Task statement —
From the line that has "Begonnen wird mit" down to the last line of the data below, set down every line exactly, but none of the pictures.

Data section —
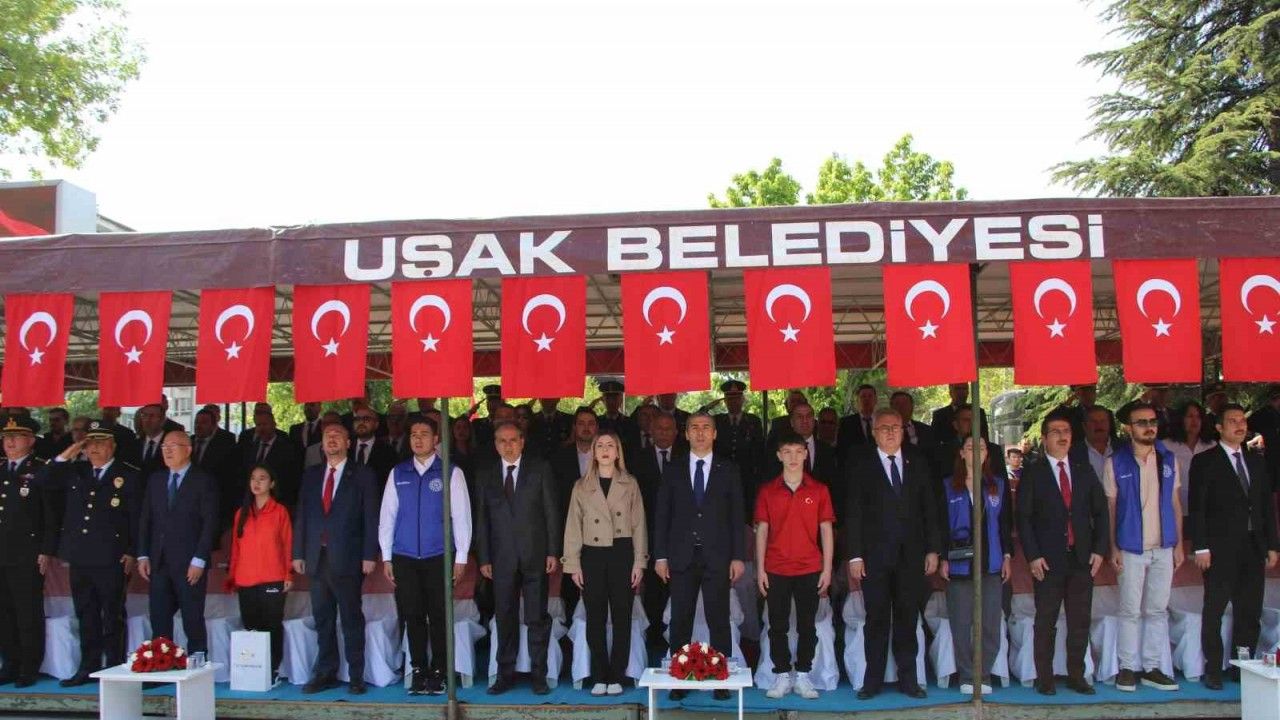 Uşak Valisi Naci Aktaş ve Uşak Belediye Başkanı Özkan Yalım, törene katılan öğrenci, öğretmen ve vatandaşların bayramını kutlamasının ardından törenlere geçildi. Törende öğrencilerin ve sporcuların hazırladıkları halk oyunları, jimnastik, karate gösterisi sergilendi.
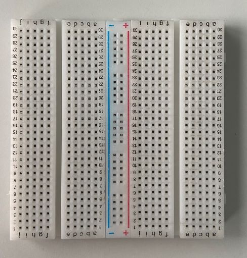Begonnen wird mit dem Zusammensetzen des Breadboards. Hierfür werden 2 Breadboards benötigt, an denen wie folgt die Spannungsschienen abgebaut werden müssen:
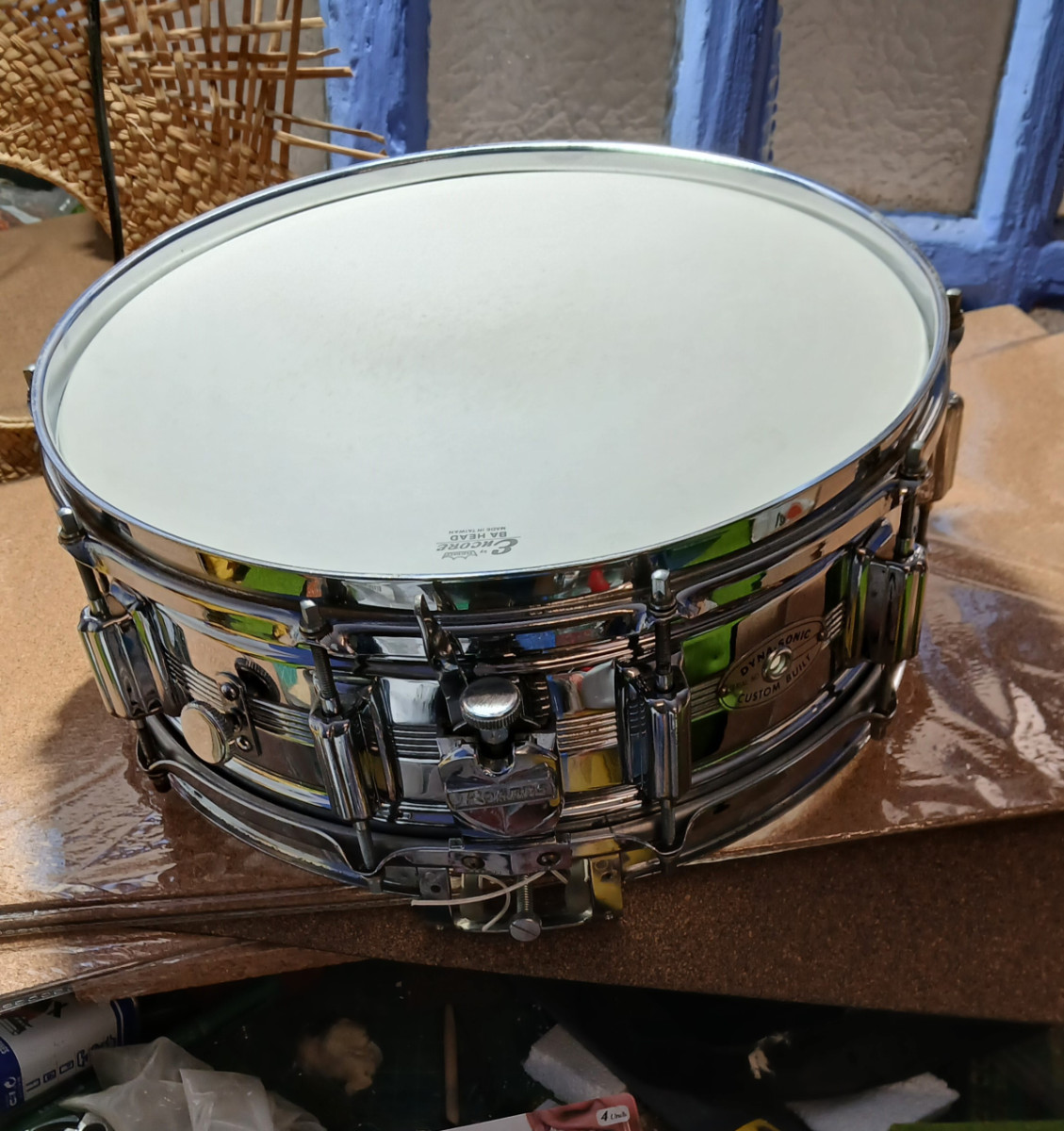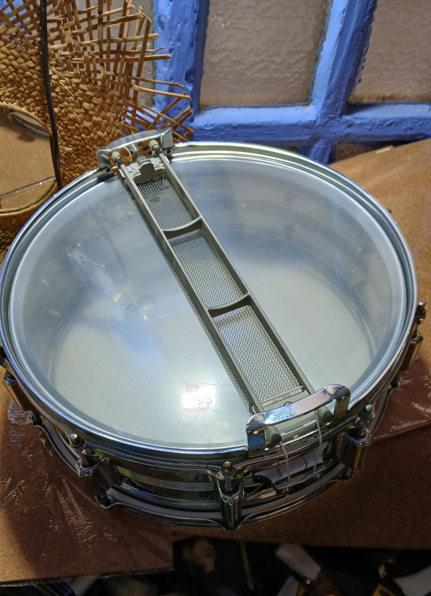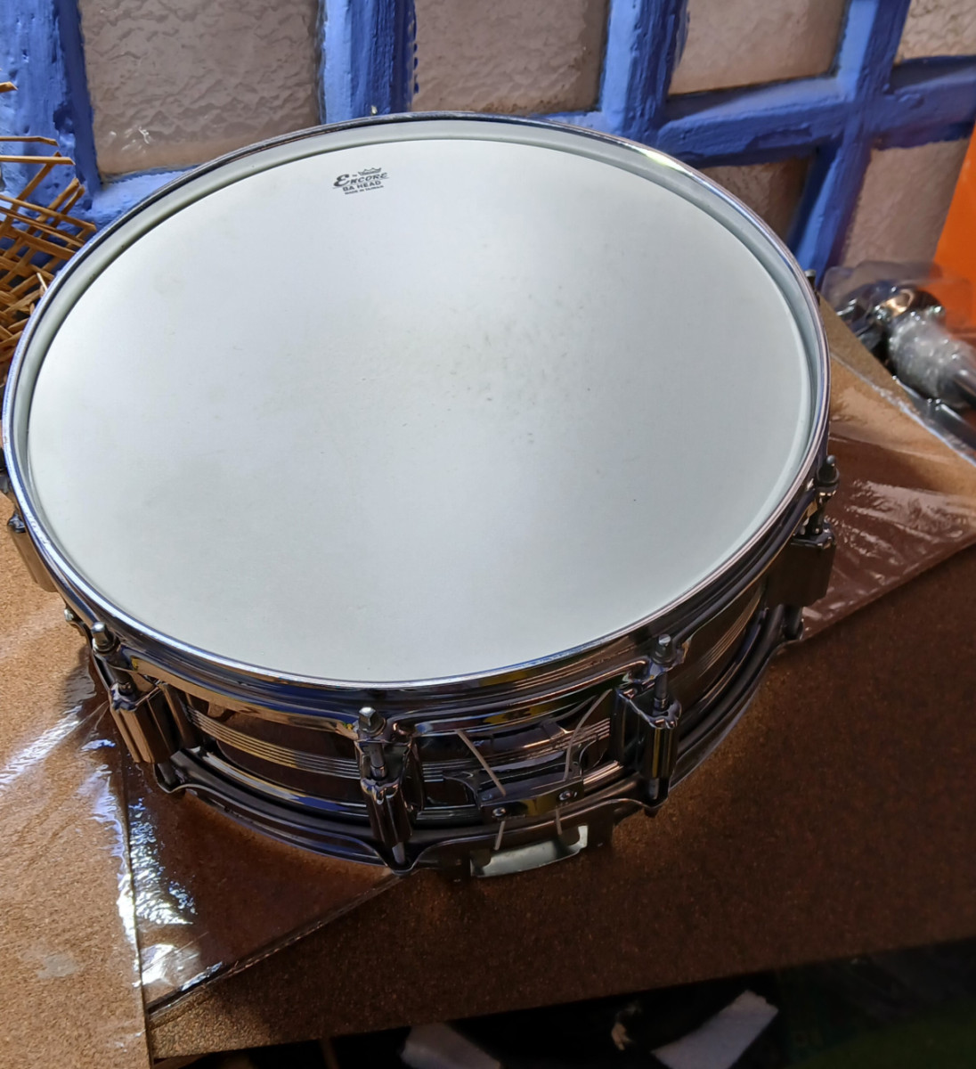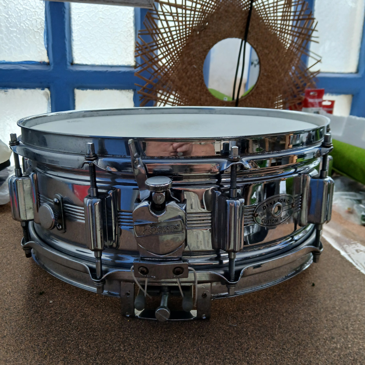 Caixa/Tabal Rogers Dynasonic (crec d'entre el 70 i el 73, és força complicat saber-ho amb precisió) Molt bon estat. Pells sols tocades per enregistrar vídeos de les meves lliçons. Alguna picadeta i una mica de rovell a les rutlles. Tots els mecanismes funcionen perfecte (repassat a BCNDrums). No accepto canvis, la caixa està a Barcelona. Es pot enviar, i també entregar en mà prop de Barcelona, 66 inclòs.

Finished task —
Begonnen wird mit dem Zusammensetzen des Breadboards. Hierfür werden 2 Breadboards benötigt, an denen wie folgt die Spannungsschienen abgebaut werden müssen:
 Caixa/Tabal Rogers Dynasonic (crec d'entre el 70 i el 73, és força complicat saber-ho amb precisió) Molt bon estat. Pells sols tocades per enregistrar vídeos de les meves lliçons. Alguna picadeta i una mica de rovell a les rutlles. Tots els mecanismes funcionen perfecte (repassat a BCNDrums). No accepto canvis, la caixa està a Barcelona. Es pot enviar, i també entregar en mà prop de Barcelona, 66 inclòs.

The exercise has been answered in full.